• _Task inputs_
• • •

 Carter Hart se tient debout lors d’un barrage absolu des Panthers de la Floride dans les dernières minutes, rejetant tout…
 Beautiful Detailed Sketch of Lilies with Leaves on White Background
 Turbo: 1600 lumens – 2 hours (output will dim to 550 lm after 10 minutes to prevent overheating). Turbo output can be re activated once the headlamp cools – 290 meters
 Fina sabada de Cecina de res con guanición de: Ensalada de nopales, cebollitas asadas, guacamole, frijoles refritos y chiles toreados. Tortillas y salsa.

• • •

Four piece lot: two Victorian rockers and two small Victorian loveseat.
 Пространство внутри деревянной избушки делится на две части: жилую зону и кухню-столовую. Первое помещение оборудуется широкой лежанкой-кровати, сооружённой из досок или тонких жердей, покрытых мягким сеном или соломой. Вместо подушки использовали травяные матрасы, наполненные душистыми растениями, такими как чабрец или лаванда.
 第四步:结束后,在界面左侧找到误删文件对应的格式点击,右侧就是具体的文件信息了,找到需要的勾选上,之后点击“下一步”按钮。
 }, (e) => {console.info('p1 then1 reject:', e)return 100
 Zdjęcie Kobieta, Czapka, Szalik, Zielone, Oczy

• • •

• _Action item_
Check each line in the data for the word "minutes", then report only how many lines contain it.

• _Answer box_
2